W czwartek przewodniczący delegacji Parlamentu Europejskiego ds. relacji z Białorusią, europoseł Robert Biedroń zapowiedział, że w piątek uda się z wizytą na Białoruś. Jej celem ma być spotkanie z zatrzymanymi przez białoruskie władze obywatelami UE i przedstawicielami białoruskiego rządu.

Podczas konferencji prasowej przed biurem informacyjnym Parlamentu Europejskiego Biedroń przekazał, że w piątek wybiera się z misją na Białoruś. Będzie mu towarzyszyć sprawozdawca PE ds. Białorusi Petras Austrevicius z Litwy. Wizyta na Białorusi ma potrwać do niedzieli.
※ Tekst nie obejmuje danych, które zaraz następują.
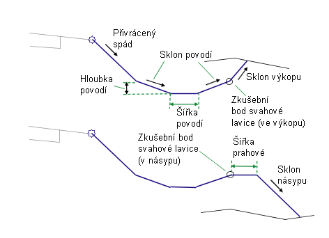 V režimu návrhu tato podsestava nakreslí přivrácený spád,boční svahy povodí a spodek povodí podle zadaných hodnot vstupních parametrů. Spojnice pro podmínku výkopu i násypu se zobrazí přerušovanou čárou společně se spojnicemi linie paty svahu směrem ven v délce 3 metry nebo 10 stop v daných sklonech. Spojnice linie paty svahu jsou ukončeny šipkami, které směřují ven.
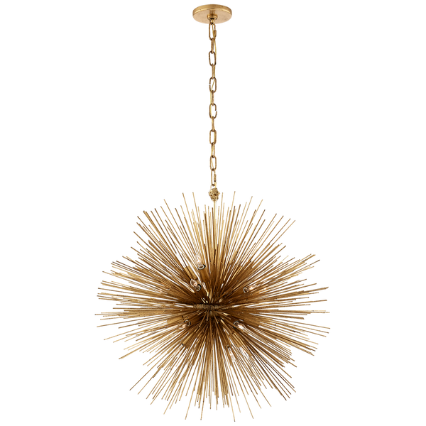 Żyrandol Strada Medium Round projektu Kelly Wearstler w kolorze postarzanego złota, rzucają prążkowaną poświatę na sufit. Lampa posiada gniazdo na żarówkę E 14. Wymiary: wys. 71,8 x szer. 71,1 cm
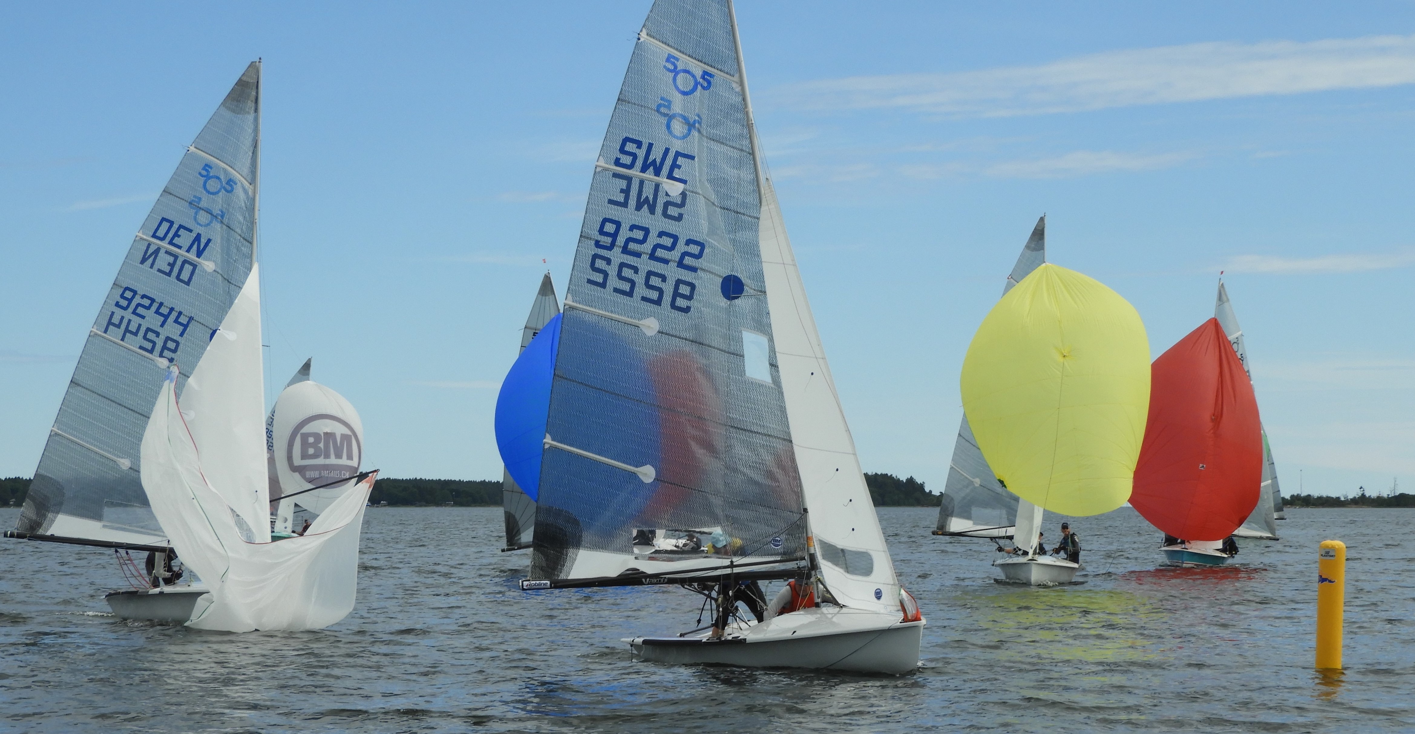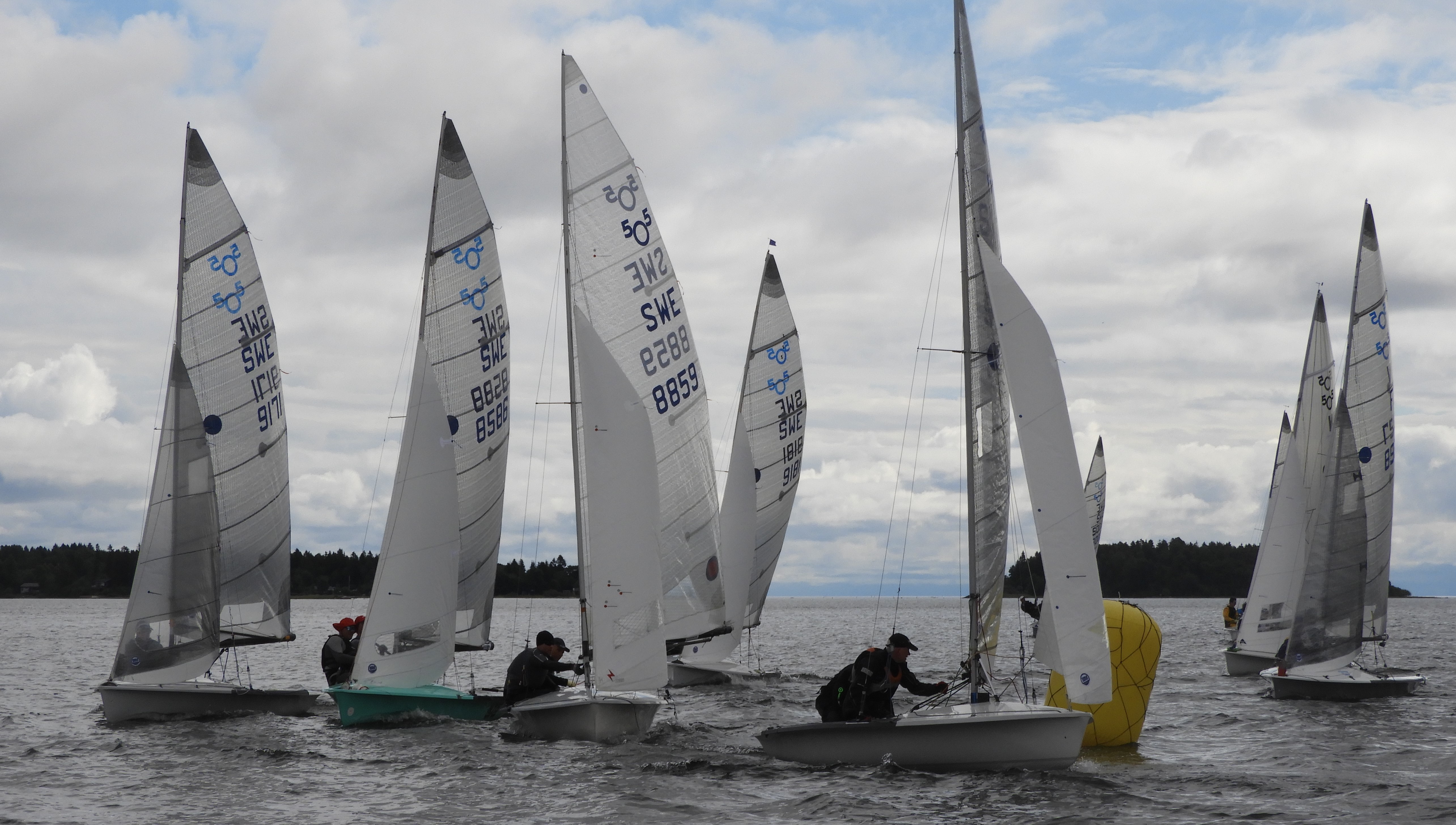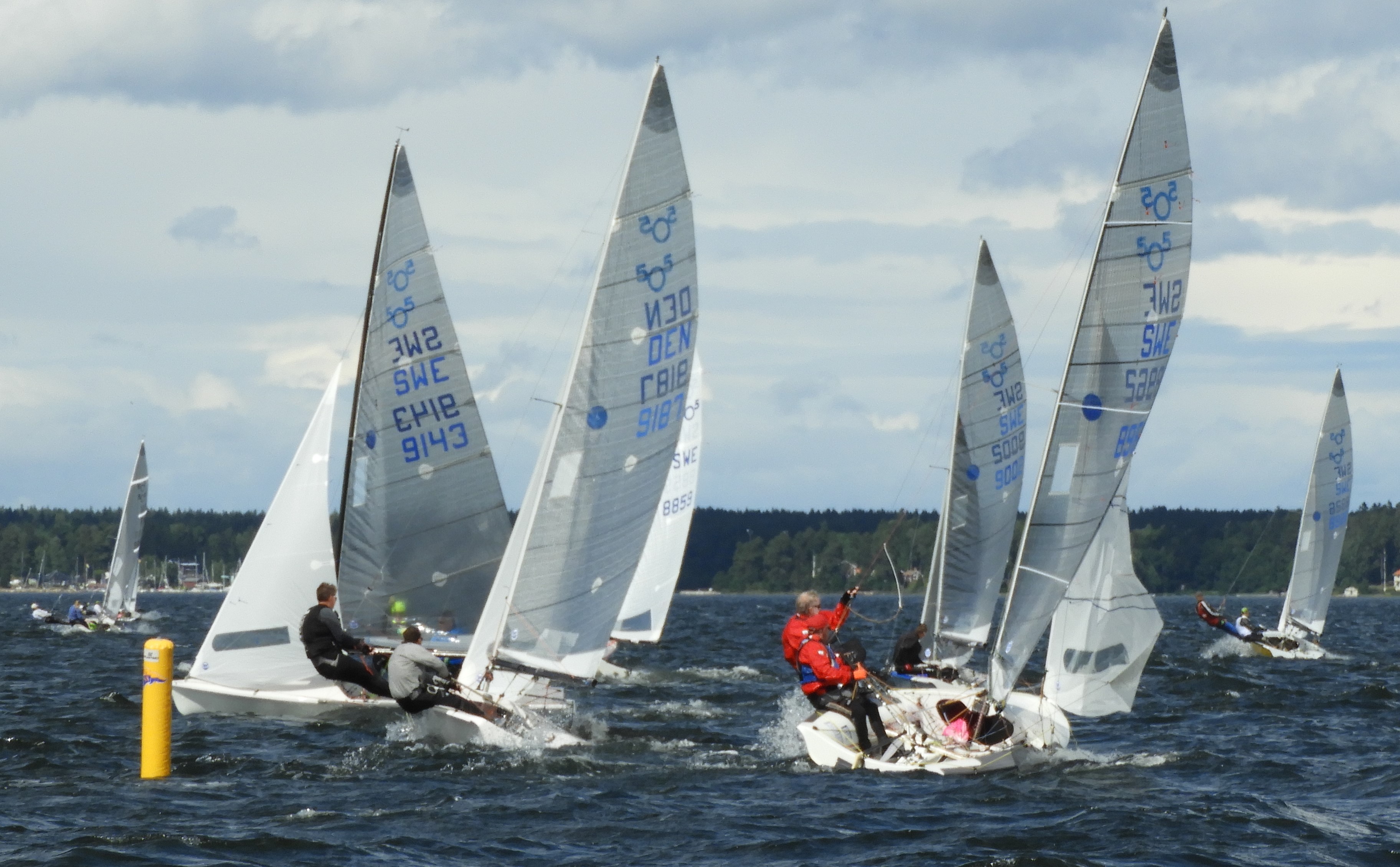 Innan vi berättar med om tävlingen vill jag återknyta till inledningsfrågan. Varför ägnar vi en stor del av vår tid, semester och pengar till att i mogen ålder tävla i jollesegling? När det går bra är frågan ganska lätt att besvara, men för att ekvationen ska gå ihop måste den ha ett bra svar även när prestationen inte är på topp. Det är lätt att ifrågasätta rimligheten i att lägga merparten av sina semesterdagar på förberedelser och tävlande när man sumpar en start, trasslar till spinnakern och måste bryta, inte får bra gång i båten eller återigen missbedömer vägvalet. Prestationen och resultaten i sig är inte huvudsaklig drivkraft eller målet för oss som amatörseglare (om ändock på en hög nivå ;.)). Att tävla i 505 är ett aktivt, och i vår livssituation relativt extremt val, och vi behöver båda två vara överens om att just det valet, just nu är ett bra val, även de race, dagar eller hela tävlingar då det är motigt. I själva tävlingsmomentet ligger att vi aldrig kan komma ifrån att det känns bra mycket roligare när prestationen är god. Men så är det ju med vilket semesterval som helst, det känns roligare om solen skiner, om alla är friska, om maten är god osv, men vi ifrågasätter inte hela grejen med semesterresan för att det regnar en dag. För oss är det lite likadant med Five-seglingen. Det är allra roligast när vi är har gett oss själva goda förutsättningar och lyckas prestera väl, men att få segla världens skönaste jolle tillsammans och träna och tävla ihop med världens härligaste gäng, det är kul och utmanande oavsett. Vi känner oss coola, levande och håller oss unga när vi får leka på havet och det är underbart!

"Będziemy mieli szereg spotkań. Ta wizyta ma na celu zorientować się w sytuacji, która - jak wiemy z doniesień medialnych - jest trudna. Niestety ze strony białoruskiej mamy ograniczenie, jeśli chodzi o przekazywanie informacji" - mówił Biedroń. Jak dodał, "będzie to najwyższego stopnia wizyta przedstawicieli Unii Europejskiej po niedzielnych wyborach na Białorusi".

"Będziemy oczekiwali także spotkania z zatrzymanymi osobami, posiadającymi obywatelstwo Unii Europejskiej, także więźniami politycznymi Białorusi, organizacjami pozarządowymi, wolnymi mediami białoruskim, ale także z przedstawicielami rządu Białorusi" - oświadczył europoseł.

Biedroń zapowiedział także, że w najbliższych godzinach skieruje pismo do MSZ z prośbą o wsparcie ws. przetrzymywanych Polaków na Białorusi. "Jestem w kontakcie z rodzinami, adwokatami tych Polaków, tak, żeby w jak najszybszy sposób doprowadzić do uwolnienia obywateli Polski, być może ekstradycji ich do kraju" - mówił.

Podkreślił, że będzie współpracować z polskimi władzami w podejmowanych działaniach, mających na celu uwolnienie więźniów politycznych i wprowadzenie realnych sankcji dla reżimu Łukaszenki.

Podczas konferencji prasowej Biedroń odebrał także petycję od Białorusina mieszkającego w Polsce Maksyma Czerniawskiego, która wzywa UE do podjęcia działań ws. sytuacji na Białorusi. Petycja ma być przekazana władzom UE. W petycji Czerniawski wzywa Unię Europejską do podjęcia "zdecydowanych działań wobec reżimu Łukaszenki oraz do wsparcia narodu białoruskiego".

"Wzywamy do natychmiastowego wprowadzenia sankcji wobec reżimu Łukaszenki. Wzywam do wprowadzenia zakazu wjazdu na teren UE i zamrożenia aktywów dla wszystkich współpracowników białoruskiego MSW i ich rodzin, wszystkich współpracowników KGB i członków ich rodzin, wszystkich współpracowników Centralnej Komisji Wyborczej, wszystkich przedstawicieli białoruskiego parlamentu, wszystkich ministrów i zastępców ministrów, kierownictwa jednostek administracji terytorialnej - obwodów, miast, dzielnic do poziomu zastępców przewodniczących komitetów wykonawczych" - napisano w petycji.

Czerniawski poprosił Biedronia o przekazanie petycji posłom Parlamentu Europejskiego i przeczytanie jej na posiedzeniu Parlamentu.

Po niedzielnych wyborach prezydenckich na Białorusi, w których według oficjalnych wyników po raz kolejny wygrał rządzący od 26 lat Alaksandr Łukaszenka, w wielu miastach tego kraju wciąż trwają protesty przeciw domniemanym fałszerstwom wyborczym. Od ich rozpoczęcia władze zatrzymały, często w brutalny sposób, ok. 7 tys. osób. Wśród nich jest troje Polaków.